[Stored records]
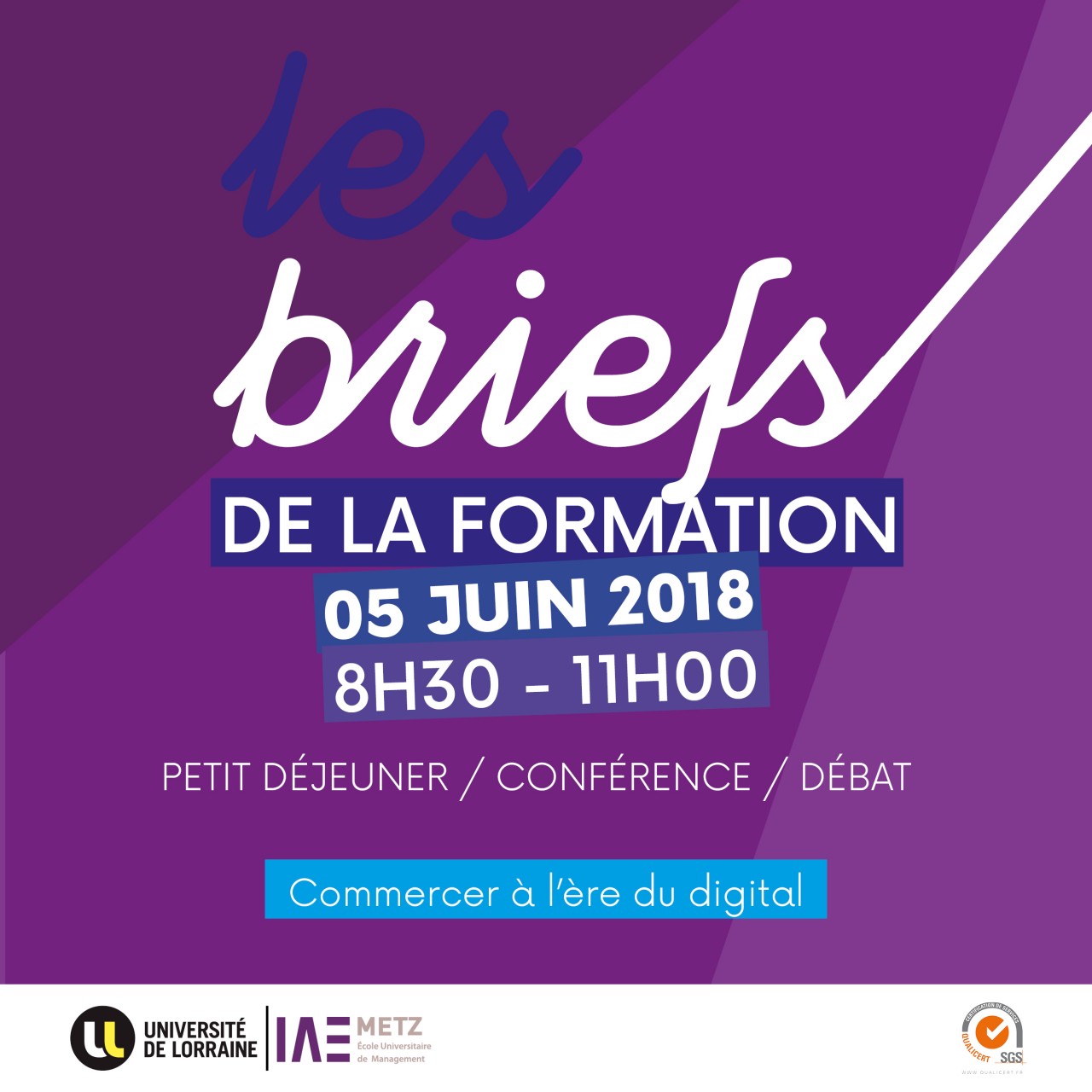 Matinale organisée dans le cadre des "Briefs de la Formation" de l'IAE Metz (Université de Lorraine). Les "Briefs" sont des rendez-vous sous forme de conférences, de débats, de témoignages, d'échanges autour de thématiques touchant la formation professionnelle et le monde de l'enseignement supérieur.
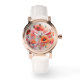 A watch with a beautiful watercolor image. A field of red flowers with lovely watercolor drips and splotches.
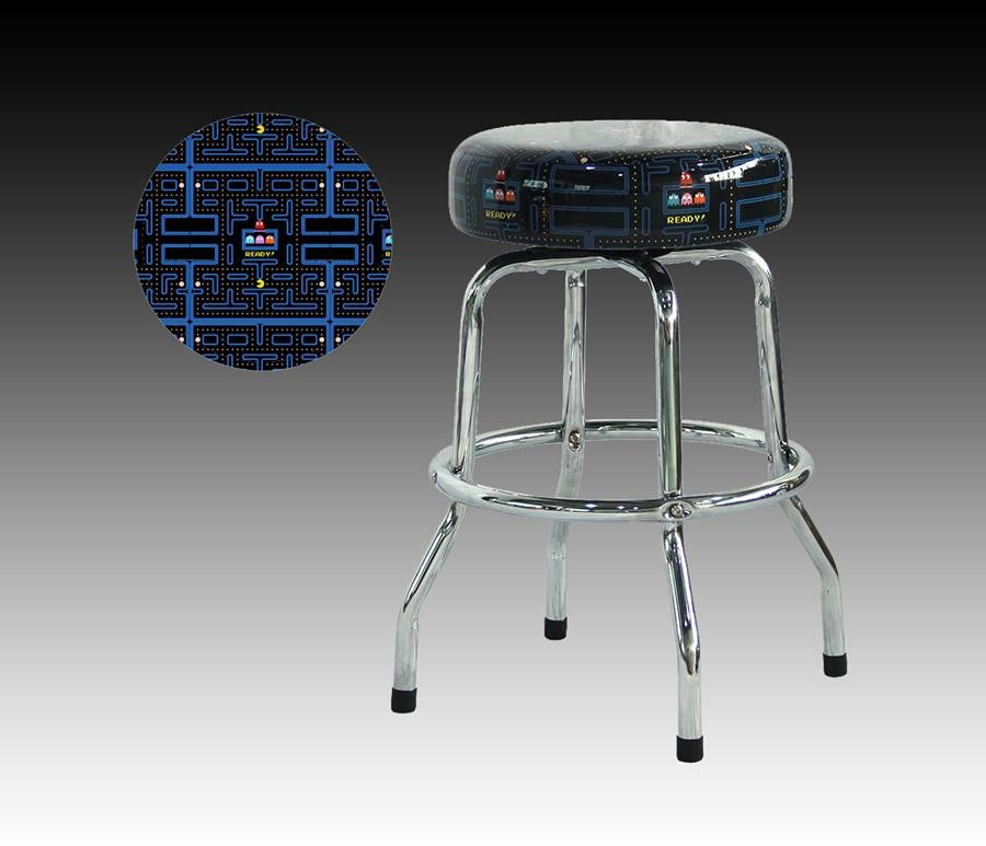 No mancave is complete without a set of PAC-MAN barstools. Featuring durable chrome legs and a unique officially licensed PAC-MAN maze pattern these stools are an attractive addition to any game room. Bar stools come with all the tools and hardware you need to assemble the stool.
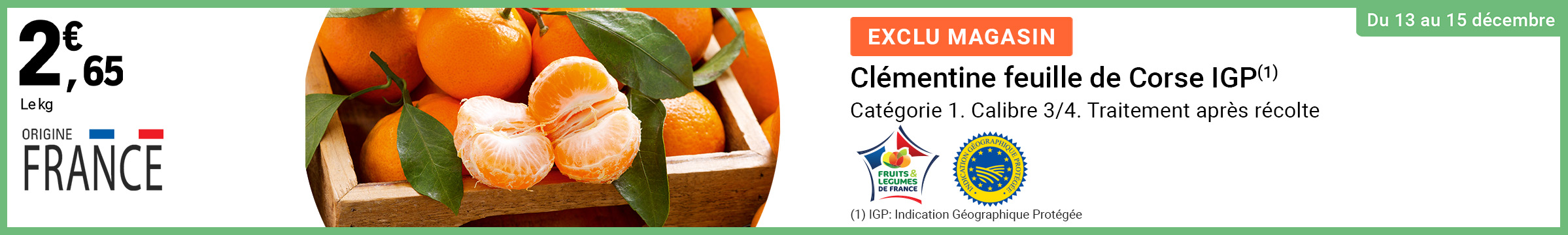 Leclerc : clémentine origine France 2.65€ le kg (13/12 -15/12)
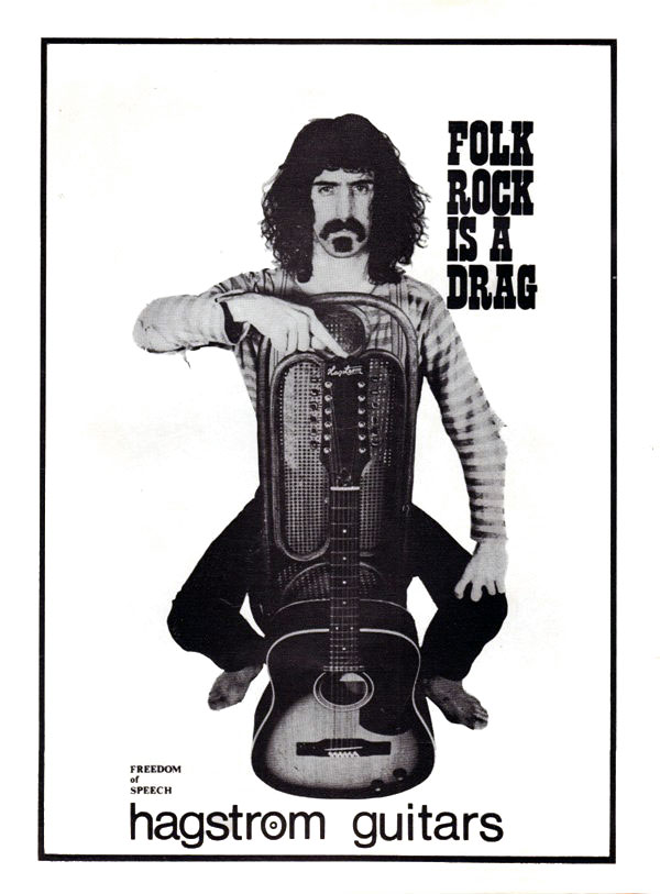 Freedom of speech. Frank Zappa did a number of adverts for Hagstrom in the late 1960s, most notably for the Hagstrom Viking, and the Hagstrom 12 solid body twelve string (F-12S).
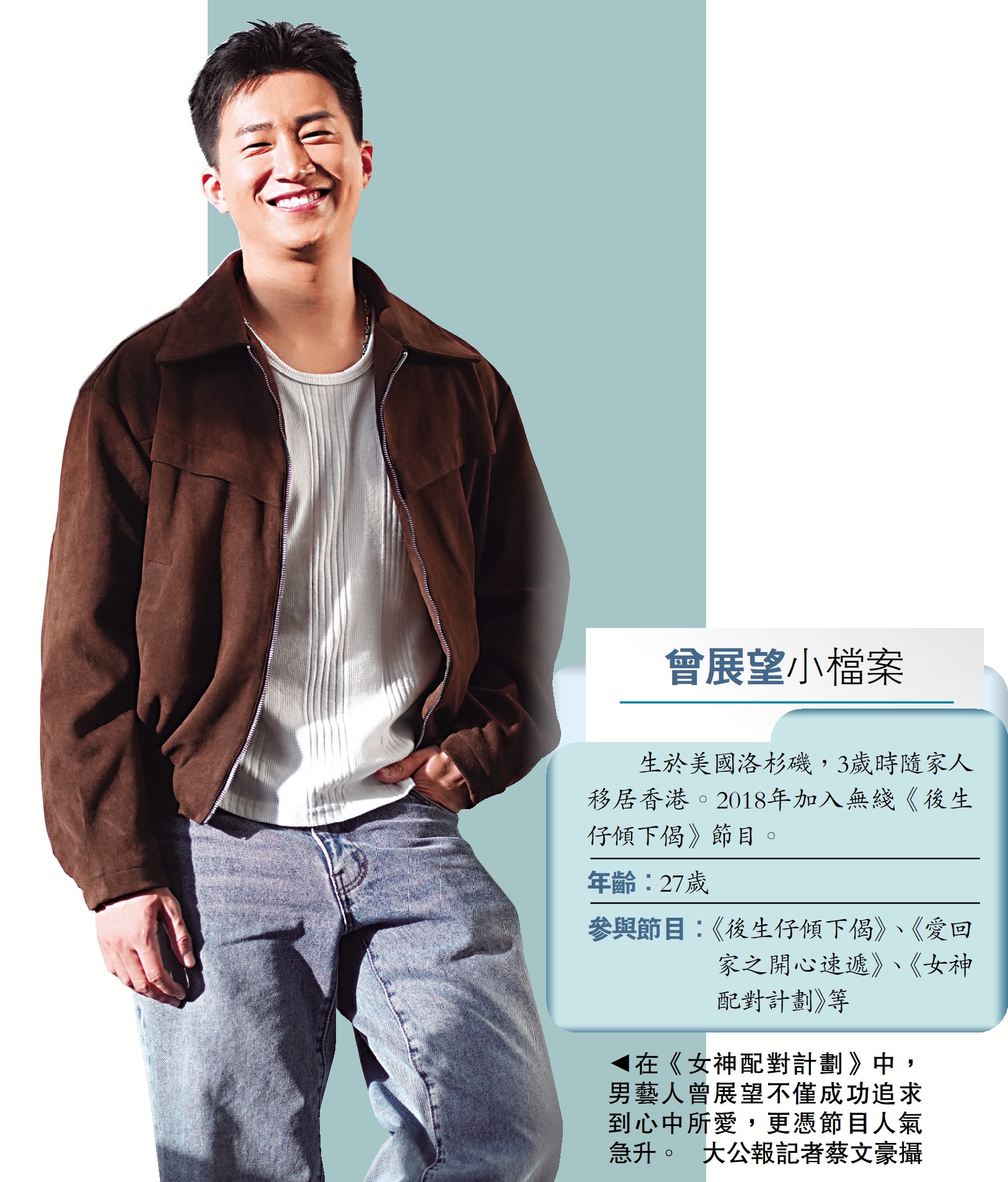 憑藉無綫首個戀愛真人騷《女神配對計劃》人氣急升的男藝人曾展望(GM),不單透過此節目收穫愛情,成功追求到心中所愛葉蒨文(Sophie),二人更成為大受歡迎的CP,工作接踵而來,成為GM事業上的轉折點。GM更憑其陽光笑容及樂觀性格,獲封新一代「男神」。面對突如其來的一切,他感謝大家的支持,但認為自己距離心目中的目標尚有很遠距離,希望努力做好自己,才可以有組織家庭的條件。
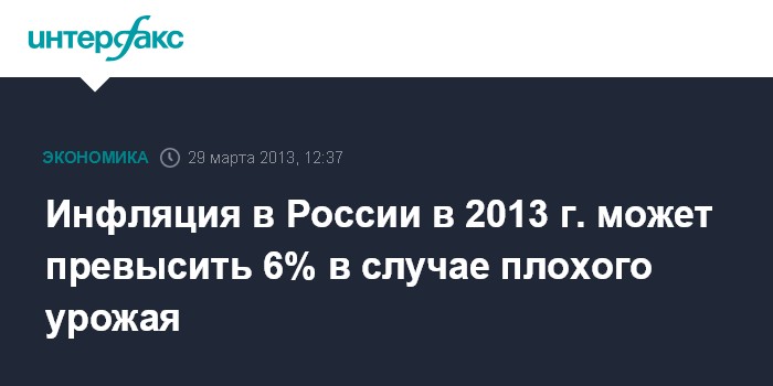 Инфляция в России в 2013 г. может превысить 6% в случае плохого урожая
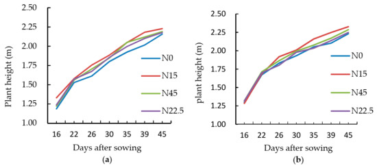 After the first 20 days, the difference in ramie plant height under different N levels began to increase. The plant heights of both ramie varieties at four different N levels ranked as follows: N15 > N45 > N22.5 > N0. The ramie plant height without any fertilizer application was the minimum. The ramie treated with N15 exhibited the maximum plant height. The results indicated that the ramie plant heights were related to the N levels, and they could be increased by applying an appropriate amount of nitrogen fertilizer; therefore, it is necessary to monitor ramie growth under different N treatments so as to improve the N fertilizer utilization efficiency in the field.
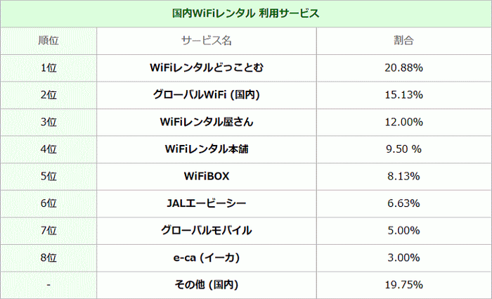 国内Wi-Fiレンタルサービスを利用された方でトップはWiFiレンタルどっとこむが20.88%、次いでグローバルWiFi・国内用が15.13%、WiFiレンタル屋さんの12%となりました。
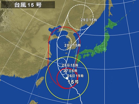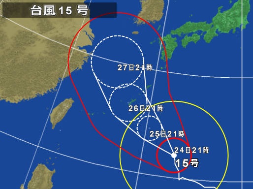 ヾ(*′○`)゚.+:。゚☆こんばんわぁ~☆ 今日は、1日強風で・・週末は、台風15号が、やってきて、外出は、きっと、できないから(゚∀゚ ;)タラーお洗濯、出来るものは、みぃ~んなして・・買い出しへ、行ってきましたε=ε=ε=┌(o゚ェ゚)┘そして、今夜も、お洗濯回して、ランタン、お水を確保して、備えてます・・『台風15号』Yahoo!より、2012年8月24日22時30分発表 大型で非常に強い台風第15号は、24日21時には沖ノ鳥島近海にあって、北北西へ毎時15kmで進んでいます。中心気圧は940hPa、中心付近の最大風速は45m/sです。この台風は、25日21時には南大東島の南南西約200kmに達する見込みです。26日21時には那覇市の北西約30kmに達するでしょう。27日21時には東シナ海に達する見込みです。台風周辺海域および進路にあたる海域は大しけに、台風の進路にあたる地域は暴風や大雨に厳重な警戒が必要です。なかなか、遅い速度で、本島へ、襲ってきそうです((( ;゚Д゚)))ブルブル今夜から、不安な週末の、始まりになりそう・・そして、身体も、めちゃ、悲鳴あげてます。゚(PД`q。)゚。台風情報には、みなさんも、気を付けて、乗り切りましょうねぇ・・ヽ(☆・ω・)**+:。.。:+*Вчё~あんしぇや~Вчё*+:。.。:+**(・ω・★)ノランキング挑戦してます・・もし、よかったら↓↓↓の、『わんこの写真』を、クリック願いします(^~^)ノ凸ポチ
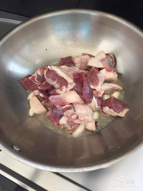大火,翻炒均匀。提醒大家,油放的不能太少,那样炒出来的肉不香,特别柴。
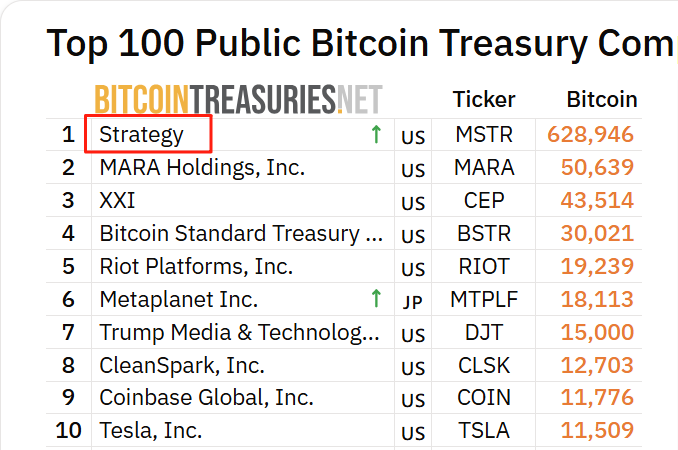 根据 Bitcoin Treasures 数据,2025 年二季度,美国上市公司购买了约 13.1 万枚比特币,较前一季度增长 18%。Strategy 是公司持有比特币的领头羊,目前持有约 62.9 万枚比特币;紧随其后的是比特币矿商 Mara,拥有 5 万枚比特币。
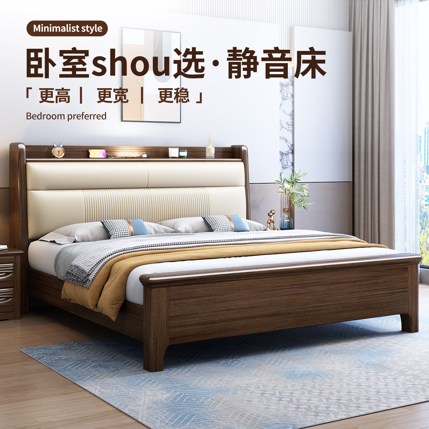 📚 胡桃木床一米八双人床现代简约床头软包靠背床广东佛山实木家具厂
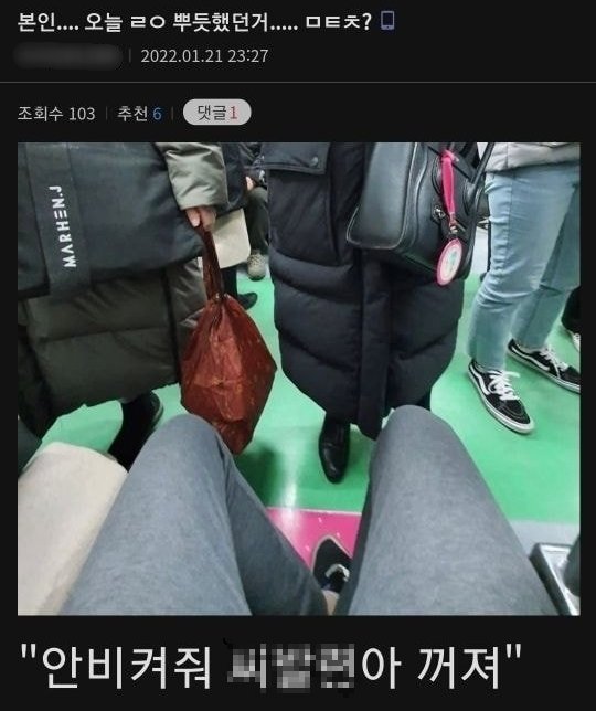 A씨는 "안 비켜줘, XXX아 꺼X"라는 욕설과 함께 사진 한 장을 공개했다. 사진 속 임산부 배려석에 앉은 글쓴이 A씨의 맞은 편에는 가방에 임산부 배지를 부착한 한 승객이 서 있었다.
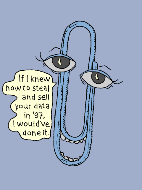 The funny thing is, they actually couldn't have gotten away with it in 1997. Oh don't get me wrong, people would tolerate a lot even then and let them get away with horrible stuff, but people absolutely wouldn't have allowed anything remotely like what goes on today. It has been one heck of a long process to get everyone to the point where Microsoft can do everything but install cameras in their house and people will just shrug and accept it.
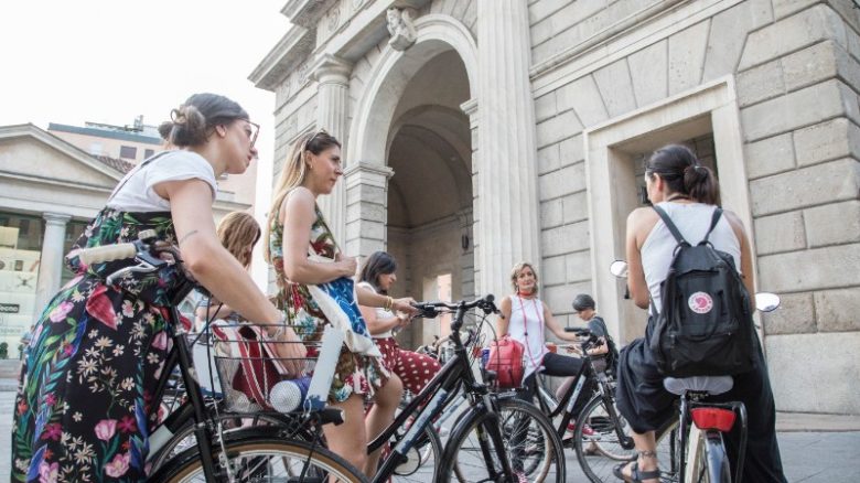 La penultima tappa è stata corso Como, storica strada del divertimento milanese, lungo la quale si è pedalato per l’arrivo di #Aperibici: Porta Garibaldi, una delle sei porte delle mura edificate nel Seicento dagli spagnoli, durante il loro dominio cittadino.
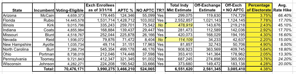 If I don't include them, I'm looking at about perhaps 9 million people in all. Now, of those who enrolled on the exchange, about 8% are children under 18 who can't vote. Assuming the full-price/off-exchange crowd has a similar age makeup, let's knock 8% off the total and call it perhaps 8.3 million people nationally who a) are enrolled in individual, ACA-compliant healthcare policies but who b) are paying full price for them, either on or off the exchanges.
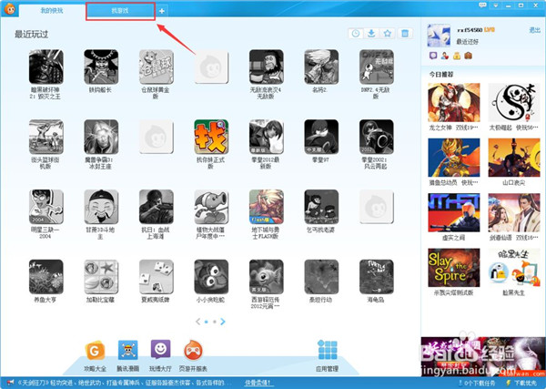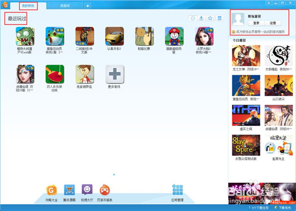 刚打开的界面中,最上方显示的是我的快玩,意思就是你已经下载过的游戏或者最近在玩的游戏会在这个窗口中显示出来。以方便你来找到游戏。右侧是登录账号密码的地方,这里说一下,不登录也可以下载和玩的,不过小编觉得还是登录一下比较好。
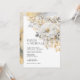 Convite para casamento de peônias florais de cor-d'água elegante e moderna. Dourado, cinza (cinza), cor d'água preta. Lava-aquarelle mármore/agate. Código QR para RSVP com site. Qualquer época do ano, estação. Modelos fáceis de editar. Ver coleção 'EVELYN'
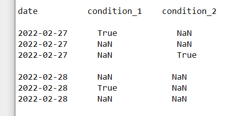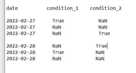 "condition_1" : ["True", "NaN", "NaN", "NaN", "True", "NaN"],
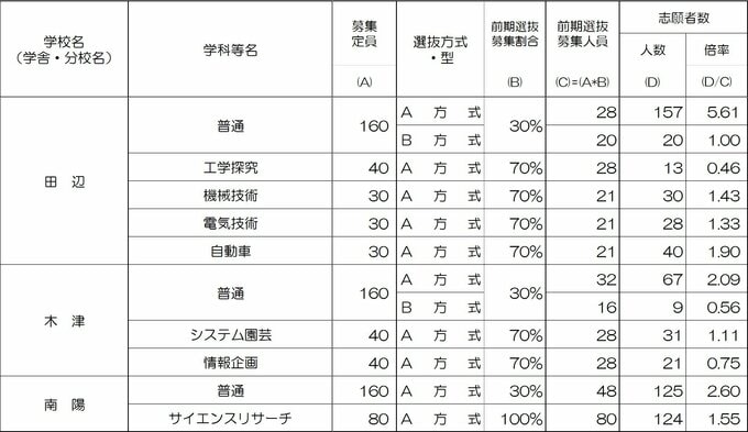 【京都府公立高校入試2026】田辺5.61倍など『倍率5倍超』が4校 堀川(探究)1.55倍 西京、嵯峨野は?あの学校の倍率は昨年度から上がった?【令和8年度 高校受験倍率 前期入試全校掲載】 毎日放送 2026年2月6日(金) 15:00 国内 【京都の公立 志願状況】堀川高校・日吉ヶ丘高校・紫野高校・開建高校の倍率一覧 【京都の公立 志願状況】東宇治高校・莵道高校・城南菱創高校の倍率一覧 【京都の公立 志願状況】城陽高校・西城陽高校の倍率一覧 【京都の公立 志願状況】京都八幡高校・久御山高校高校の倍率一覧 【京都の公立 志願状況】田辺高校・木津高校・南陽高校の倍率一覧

■ WHAT THE TASK ASKS
Your output should be the lines above from the one that contains "Инфляция в России" through the one that contains "国内Wi-Fiレンタルサービ", word for word, with pictures left out.

■ WRITTEN RESPONSE
 Инфляция в России в 2013 г. может превысить 6% в случае плохого урожая
 After the first 20 days, the difference in ramie plant height under different N levels began to increase. The plant heights of both ramie varieties at four different N levels ranked as follows: N15 > N45 > N22.5 > N0. The ramie plant height without any fertilizer application was the minimum. The ramie treated with N15 exhibited the maximum plant height. The results indicated that the ramie plant heights were related to the N levels, and they could be increased by applying an appropriate amount of nitrogen fertilizer; therefore, it is necessary to monitor ramie growth under different N treatments so as to improve the N fertilizer utilization efficiency in the field.
 国内Wi-Fiレンタルサービスを利用された方でトップはWiFiレンタルどっとこむが20.88%、次いでグローバルWiFi・国内用が15.13%、WiFiレンタル屋さんの12%となりました。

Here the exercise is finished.